AVERÍAS
Durante aquella estúpida semana abrir
cualquier grifo de nuestra urbanización era como jugar a una rifa de feria, de
esas de Siempre Toca.
La tarde que empezó todo yo
estaba que echaba humo con mi última novela. Desde la editorial no hacían más que
meterme presión, y yo ya no sabía cómo matar al malo ni cómo hacer para que el
chico besara de una vez a la chica. Mi marido llevaba la semana entera de
guardias en el quirófano, y le habíamos pedido a Svetlana que alargara el turno
para ayudarme con la cena y que dejase bañada a la niña antes de irse. Fue
entonces, justo entonces, cuando me sobresaltaron los gritos desmesurados de
Carmencita desde el baño.
-
No se alarme, señora, lleva pasando desde esta
mañana. Debe haber alguna avería –me dijo la criada al verme entrar.
En realidad Carmencita chillaba
de emoción. Estaba sucediendo algo que… iba en contra de toda lógica: por el
grifo de la bañera salían cientos, miles de pompas de jabón que se le escapaban
a mi hija de entre las manos y, cada vez que subía el mando hacia arriba, por
la alcachofa de la ducha brotaban enjambres de mariposas de colores que
aleteaban, se le posaban en la cabeza, jugaban a chocarse entre sí, hasta que,
finalmente, se introducían cada una dentro de una de las pompas jabonosas, sin
romperlas. Y permanecían allí, tan tranquilas, como si ese fuese su hábitat
natural.
Svetlana me explicó que en todos
los grifos ocurrían cosas similares. Que no había querido decirme nada para no
distraerme, pero que había tenido que fregar la vajilla con agua embotellada,
porque del fregadero solo salía confeti. Y que además por la mañana tuvo que
lavar la ropa a mano, ya que de las tuberías de carga de la lavadora lo único
que emergió fueron dos preciosos hámsteres, que se habían puesto a correr en el
tambor como si nada.
-
Tenía usted que haberles visto cuando ha
centrifugado, ¡se han vuelto locos! –me soltó la ucraniana, sonriendo, como si
fuera una niña que acaba de llegar del parque de atracciones.

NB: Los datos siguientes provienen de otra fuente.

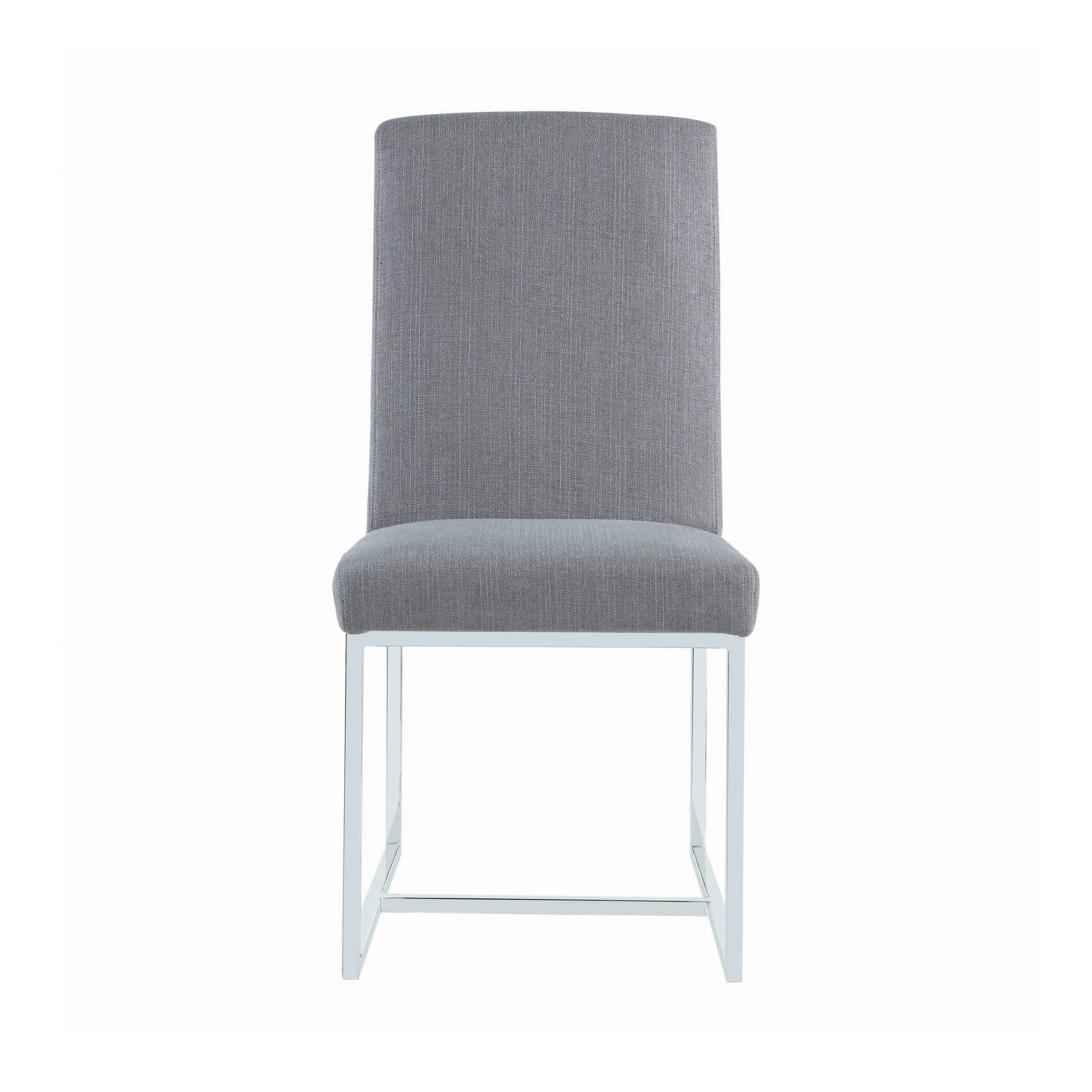 Assembly required: YesFresh grey upholstery highlights the design-forward look of this dining chair. Bring comfort and classic styling to a glass or wood table. A high back with linear design elements offers minimalist, elegant aesthetics. Creating balance, its open-concept geometric frame and leg base wrap up a fashionable design package. Make this exceptional chair part of a tasteful dining ensemble.

¡Vaya! O sea que… estábamos sin
agua, ¿y allí todos tan felices?
Sobrepasada por la situación,
llamé al seguro de la casa y les canté las cuarenta. No hacía ni dos años que
nos habíamos mudado a esa urbanización, y pagábamos un dineral. Aquello no era
de recibo.
Sin embargo, algo raro debía
pasar porque el resto de chalets también estaban igual. En el patio comunitario
no se comentaba otra cosa: pues a mí me ha salido un pulpo del lavabo que
canta ópera, pues a mí del bidé me ha brotado un ramo de hortensias multicolor…
Una odisea.
Hasta que, al fin, llegó “El Equipo A”. Sí, bueno, yo les bauticé así porque llegaron todos en una furgoneta negra, y también porque el fontanero que nos tocó a nosotros se parecía a M. A. Barracus (pero sin oro). Y, claro, toda mi furia la exterioricé con él. Vamos, que el negrazo pagó los platos rotos. Le expliqué a gritos lo de las guardias de mi marido, lo de mi trabajo, lo de que teníamos una niña pequeña, jolines, que si es que no entendían, que si es que… En definitiva, que, mientras el hombre trabajaba en silencio, yo le eché un sermón de tres al cuarto.
Sin embargo, al cabo
de un rato, cuando ya estaba todo arreglado, él hizo algo que me dejó confusa:
se acercó al fregadero, abrió el grifo, y dejó correr el agua sobre su mano
negra azabache. Absorto, hipnotizado, observando cómo el líquido rebotaba sobre
los cartílagos y las venas de sus dedos, y cómo después el pequeño torrente
giraba sobre la porcelana blanca, formando remolinos que enseguida eran
engullidos por el sumidero. Después lo cerró, y me miró profundamente a los
ojos. Fue un instante solo, pero note como… si quisiera llegar hasta el
interior de mi cerebro.
-
Ahí tiene usted su agua, señora, disfrútela –me
dijo, con voz tranquila. Y luego murmuró una frase larga, ininteligible, en
algún dialecto africano. De esos que nadie entiende.